The prevailing opinion cites Radcliff's Executors v. Mayor,etc., of Brooklyn (4 N.Y. 195), and the line of cases following it, which hold that the legitimate change of the grade of a street to the damage of abutting lot owners is damnum absqueinjuria.

In the case at bar there is no change of grade; it is stipulated in the case as follows: "The grade and surfaces of 155th Street and 8th Avenue, in front of the plaintiff's premises, as they existed on June 15th, 1887, have not been changed by the erection of the viaduct, and the said surfaces of said streets remain as before, open to the public, except for the obstruction by the columns of the viaduct as before stated."

It is thus apparent that the change-of-grade cases have no application. *Page 35

It is to be said of these cases that they involve a principle that has been condemned in many jurisdictions and the hardship of which has been cured in some of the states by constitutional amendment providing for the payment of such damages. It is a doctrine which ought not to be extended.
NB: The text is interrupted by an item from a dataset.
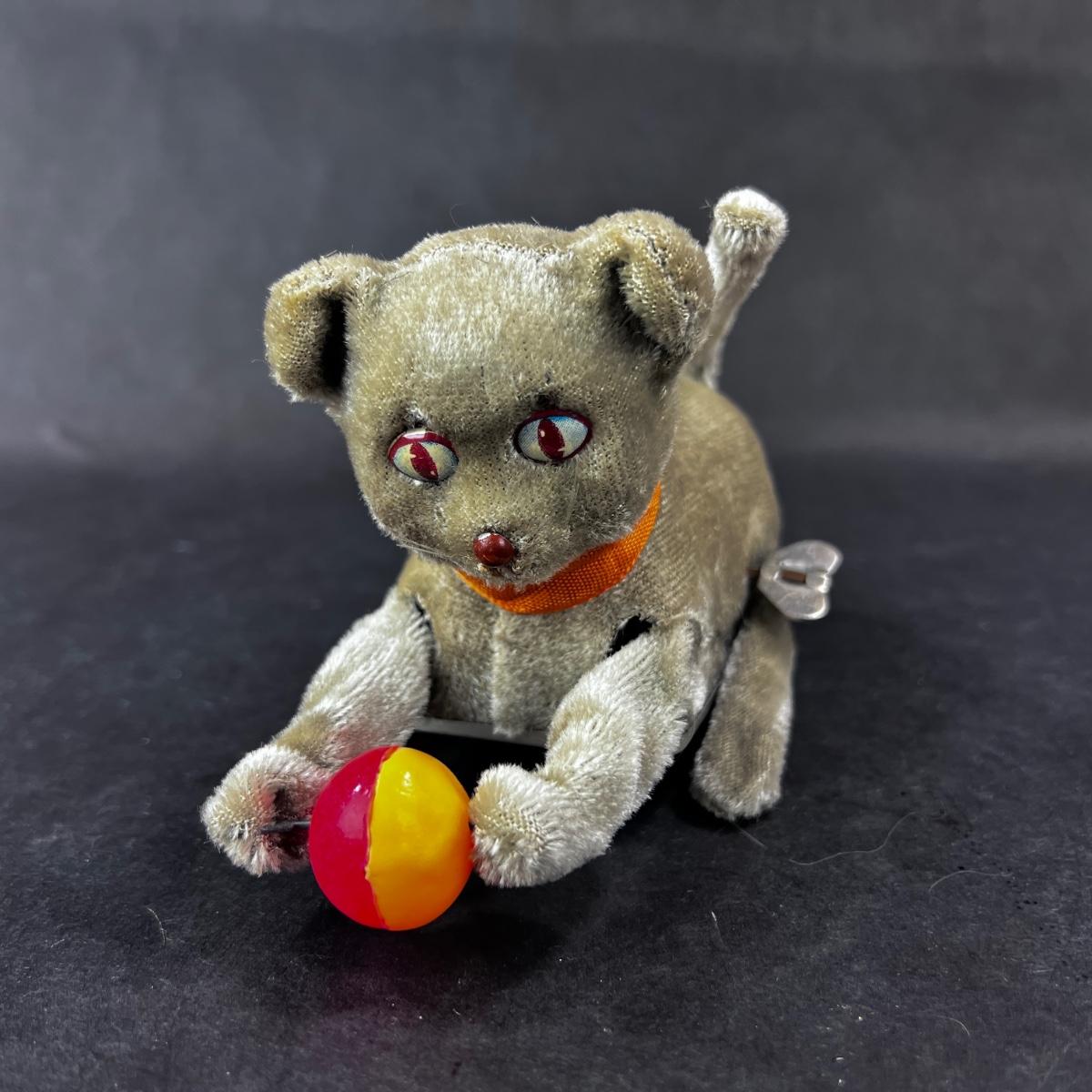 This sweet Plush Wind-Up Cat with Ball was produced in the mid 1900s. This cat isn't marked with a maker, but regardless it works great. Ball is celluloid. **Works, Video of Function on YouTube Video, Has Key** Please see photos for details and condition. **|** ::: Shipping is available on this lot. If you require shipping you must let us know at the close of the auction. We will coordinate with you after the item has been won. Shipping fees will include insurance up to or exceeding the value of all items being mailed. If you have any questions regarding this lot please contact the auctioneer either via this website, by direct email or by phone. PICK UP TIMES and other important information can be found in the TERMS and DESCRIPTION of the auction. Please take a look for pertinent information. Thanks!

In Reining v. N.Y., L. W. Ry. Co. (128 N.Y. 157, 164) Judge ANDREWS, in applying the law of the elevated railroad cases, as laid down in the Story case, said: "It is no longer open to debate in this state that owners of lots, abutting on a street, the fee of which is in the municipality for street use, although they have no title to the soil, are nevertheless entitled to the benefit of the street in front of their premises for access and other purposes, of which they cannot be deprived except upon compensation."
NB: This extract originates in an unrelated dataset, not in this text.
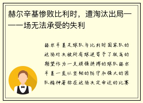 赫尔辛基足球队与比利时国家队的这场对决,...

I am of opinion that the structure in the case before us is a bridge built along and above a street and cannot be regarded as a "street use."

If such an erection can be permitted to exist, it falls within the doctrine of the elevated railroad cases, and notwithstanding the title of the streets is in the city, the abutting owner is entitled to compensation for such damages as he has suffered.

CULLEN, Ch. J., GRAY and O'BRIEN, JJ., concur with HAIGHT, J.; VANN and BARTLETT, JJ., read dissenting opinions; WERNER, J., absent.

Judgment affirmed.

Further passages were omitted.